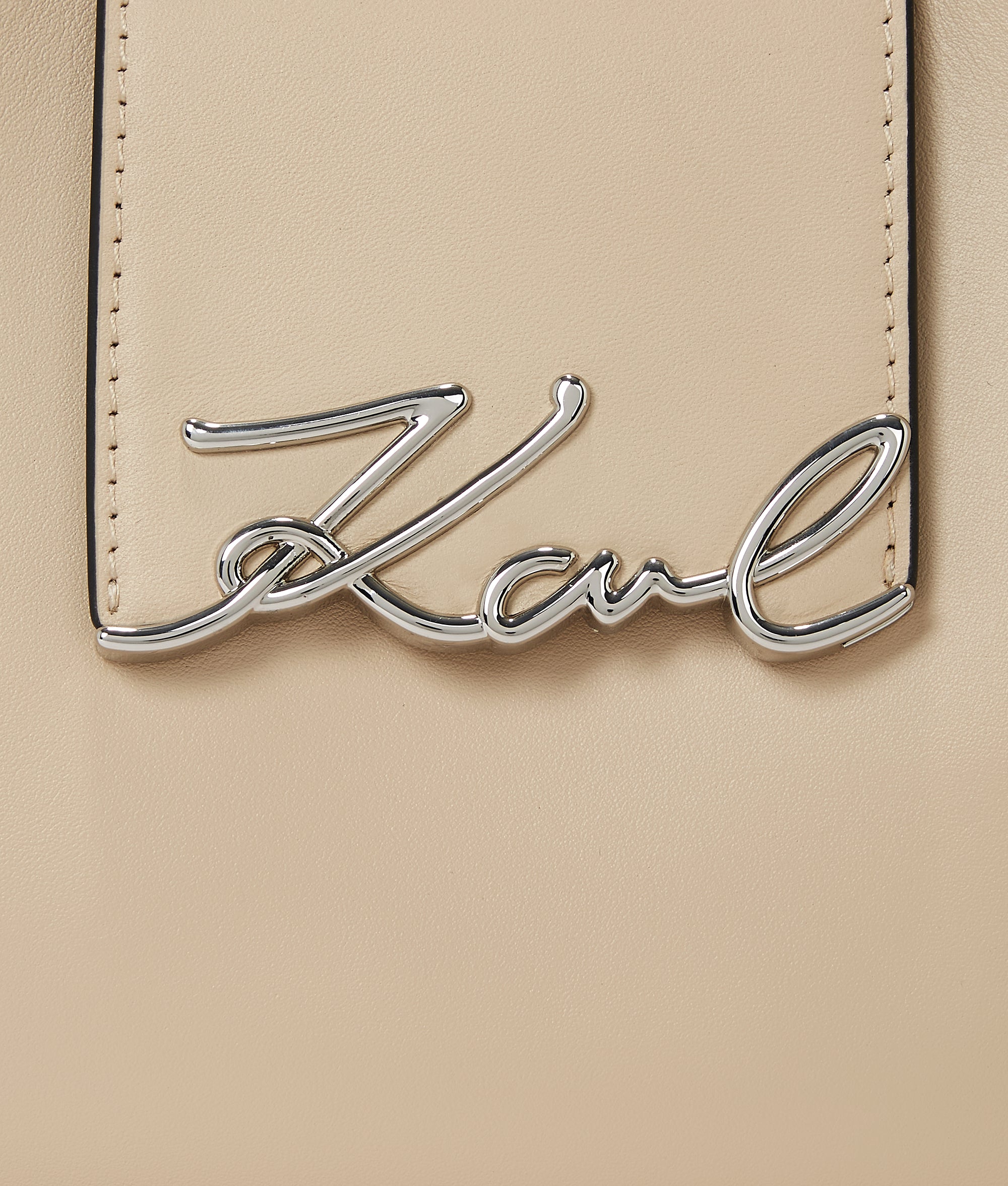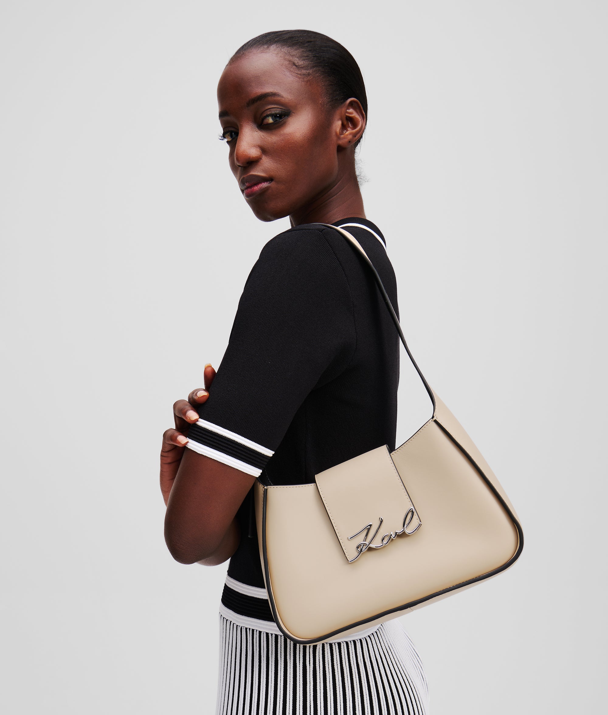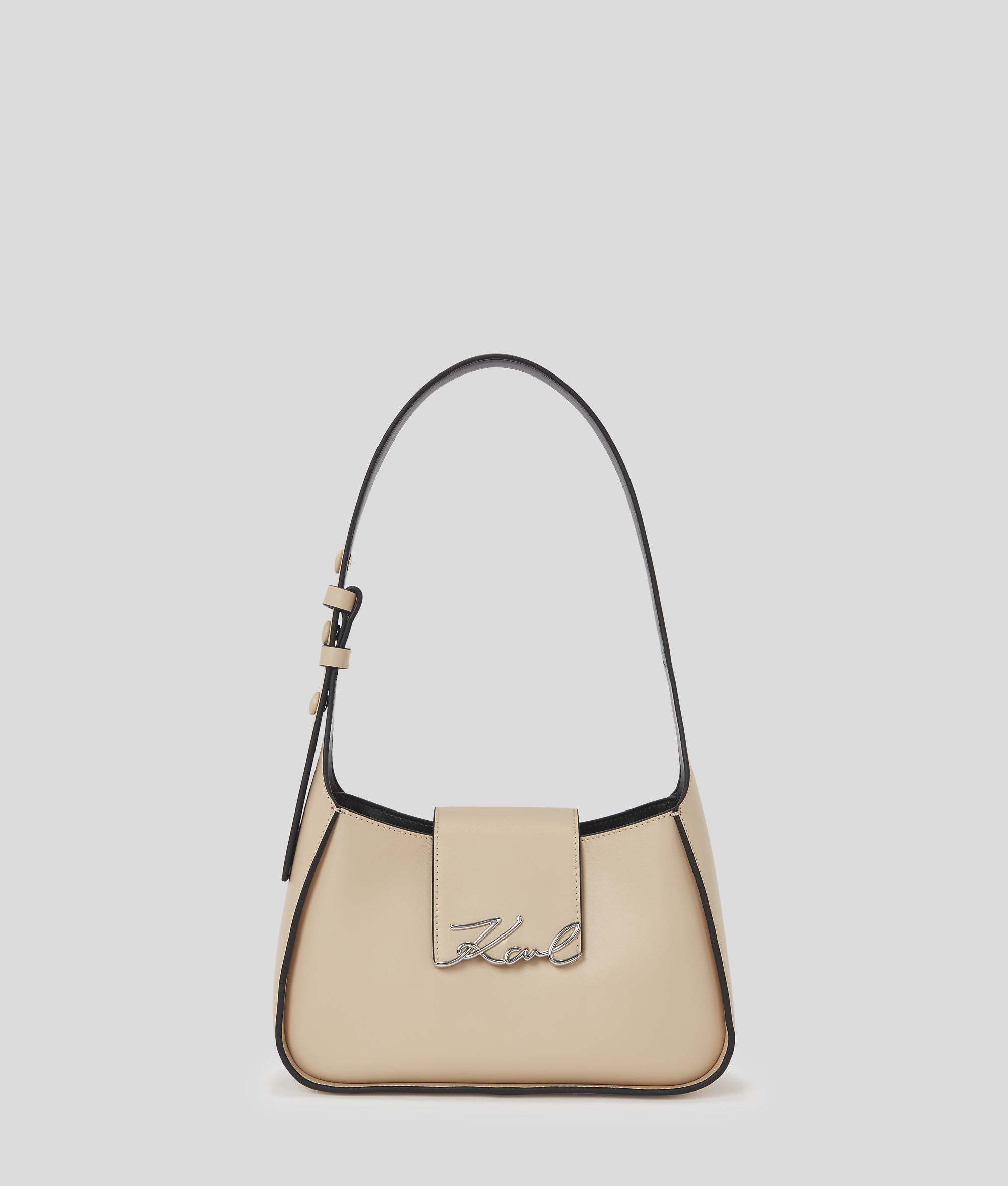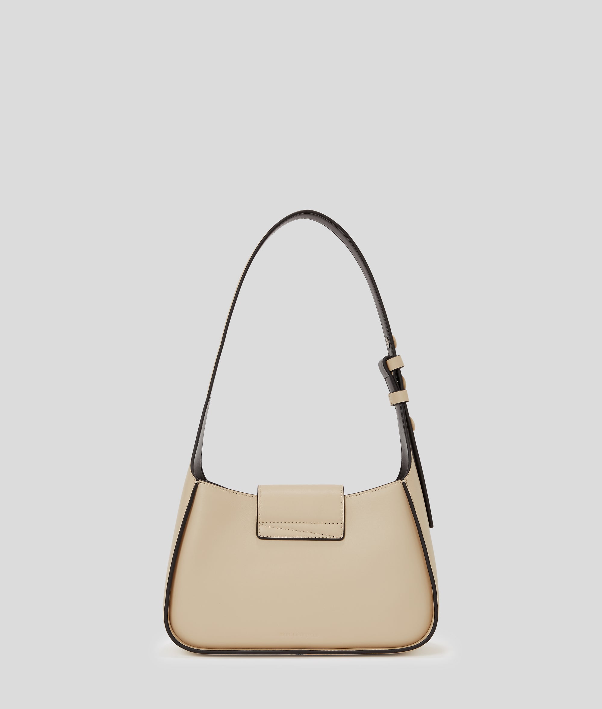 This shoulder bag showcases a petite-yet-practical silhouette, featuring a flap top closure and an adjustable strap for versatile styling. Delicate KARL signature hardware adds a touch of refinement.
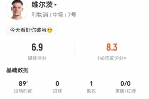 體育資訊12月21日訊 利物浦在本輪英超焦點戰(zhàn)對陣熱刺,維爾茨本場數(shù)據(jù)如下:
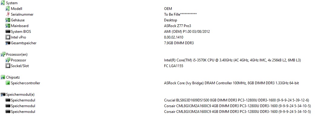ich habe mir zu meinen 2x4GB Ram noch 1x8GB Ram dazu gekauft. Jedoch werden im System nur 8GB angezeigt. Die Grafik im Bios Menü zeigt an das der drin ist, aber im Menü zeigt der none an.
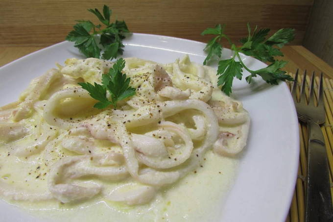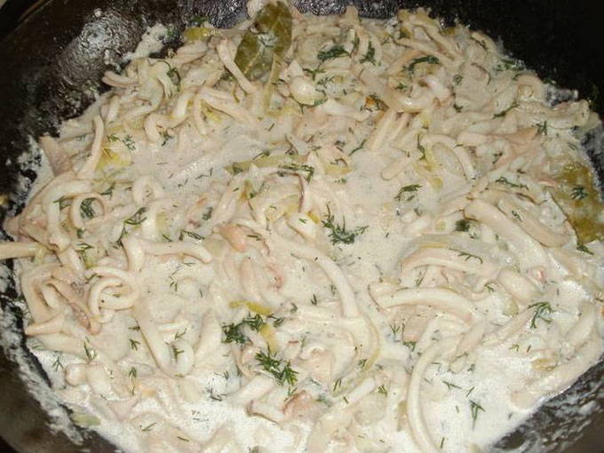 Stap-voor-stap recept voor het maken van inktvis in zure roomsaus met kaas

==*==

## What to do
Output all the material exactly. The pictures are to be left out.

## Response to this exercise
 This shoulder bag showcases a petite-yet-practical silhouette, featuring a flap top closure and an adjustable strap for versatile styling. Delicate KARL signature hardware adds a touch of refinement.
 體育資訊12月21日訊 利物浦在本輪英超焦點戰(zhàn)對陣熱刺,維爾茨本場數(shù)據(jù)如下:
ich habe mir zu meinen 2x4GB Ram noch 1x8GB Ram dazu gekauft. Jedoch werden im System nur 8GB angezeigt. Die Grafik im Bios Menü zeigt an das der drin ist, aber im Menü zeigt der none an.
 Stap-voor-stap recept voor het maken van inktvis in zure roomsaus met kaas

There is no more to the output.